General secretary Mark Serwotka said: "The fact is these aren't grey civil service offices from another era, they are jobcentres, tax offices, courts, sites providing vital local services that people will find it harder to access, particularly the more vulnerable.
"Closure plans on this scale expose the lie at the heart of Tory policies for our regional economies, whether the so-called Northern Powerhouse, the Midlands or elsewhere."
According to the GPU, the biggest year-on-year estate reduction in 2014-15 came from HMRC, which reduced its holding area by 69,905 square metres over the period, representing some 6% of its estate.
The tax authority recently unveiled plans to close the vast majority of its 170 offices over the next decade, in favour of a move to just 13 "regional hubs", a model that now looks set to be replicated across government.

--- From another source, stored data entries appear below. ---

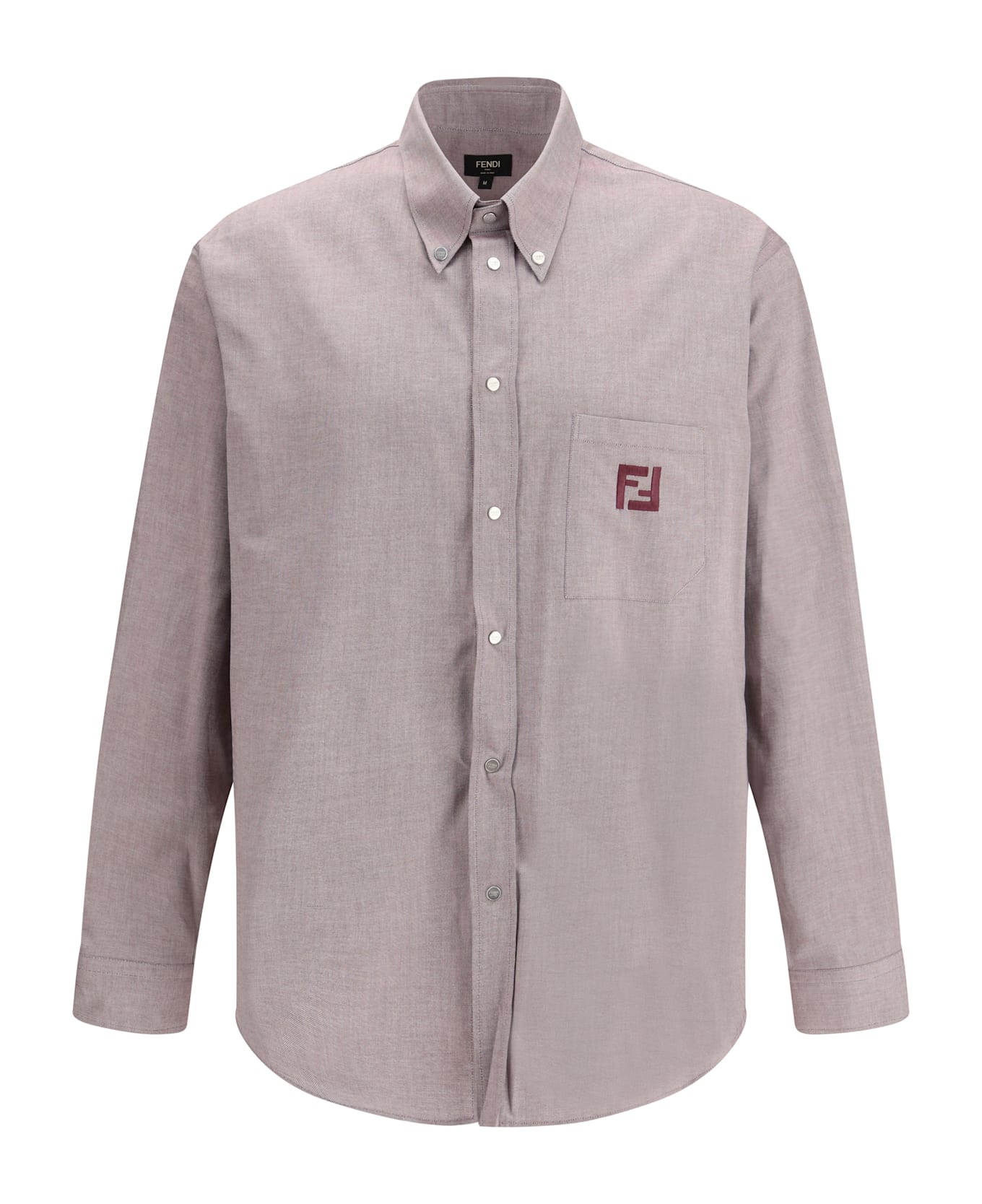 The oxford cotton shirt by fendi features a comfort fit with long sleeves, a button-down collar, and an applied chest pocket. the front closes with exposed buttons, while the iridescent burgundy oxford cotton adds a refined, luminous finish. the contrasting embroidered ff detail on the front pocket completes the piece with an iconic signature.
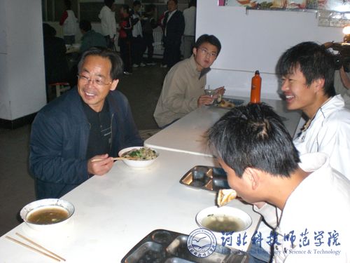 图为孟令臣副院长在检查过程中与大学生共进早餐
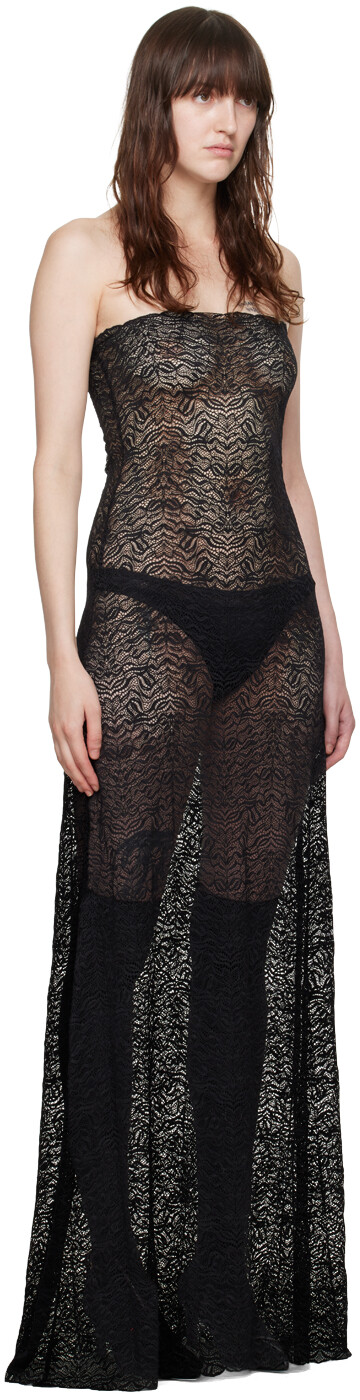 Эксклюзивное черное анисовое макси-платье от SSENSE. Платье-трапеция из прозрачного эластичного кружева с добавлением нейлона. Цветочный узор по всему изделию. Конструкция без бретелек. Фестончатый край на прямой горловине и подоле. Доступно эксклюзивно в SSENSE. Цвет поставщика: черный 59% нейлон, 32% вискоза, 9% спандекс. Сделано в Португалии.
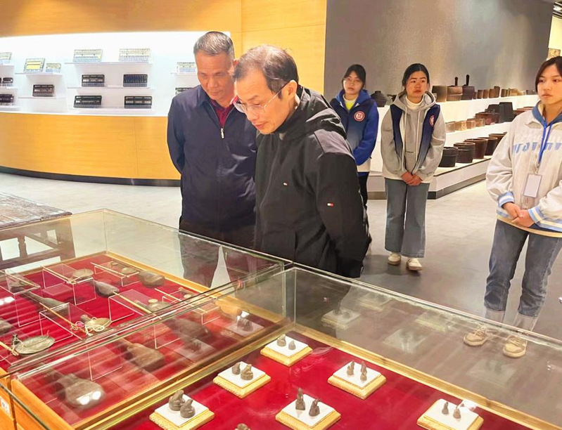 王教授观看古代度量衡展品

While HMRC has put in place plans for temporary, transitional sites to aid relocation and says it expects 90% of current staff to continue working for the department, its proposals have drawn fire from both PCS and Scottish National Party MPs concerned that many officials will struggle to move.
Meanwhile, the Department for Business, Innovation and Skills' own plan to close its Sheffield site by 2018 has drawn fire from local MPs, with Shadow Cabinet Office minister Louise Haigh this week accusing the business secretary Sajid Javid of displaying a "lack of empathy" for those affected.
Responding to today's announcement, Dave Penman of the FDA union - representing senior officials - raised the BIS closure plan and warned ministers to ensure that the government's "rhetoric will match the reality".
He added: "Whilst the minister Cabinet Office has said that the reduction of government buildings will be ‘supported by smarter working’, those in BIS’s Sheffield office – the closure of which was announced only last week - have already been told that their employer ‘does not envisage that extensive remote working will be appropriate for most roles’
"Shrinking the estate on this scale requires careful planning across government, to ensure public services are protected and disruption to staff is kept to a minimum. If those objectives are to be delivered, then consulting the unions at the beginning would seem a good place to start."
According to the latest Whole of Government Accounts, the state still owns some £300bn worth of land and buildings. The Cabinet Office placed a moratorium on the purchase of new properties in 2010, with departments and agencies only allowed to take on new holdings if they will ultimately reduce running costs or save space.
The GPU's latest report confirmed that these measures would remain in force for the for the foreseeable future and "will be developed over the next two years".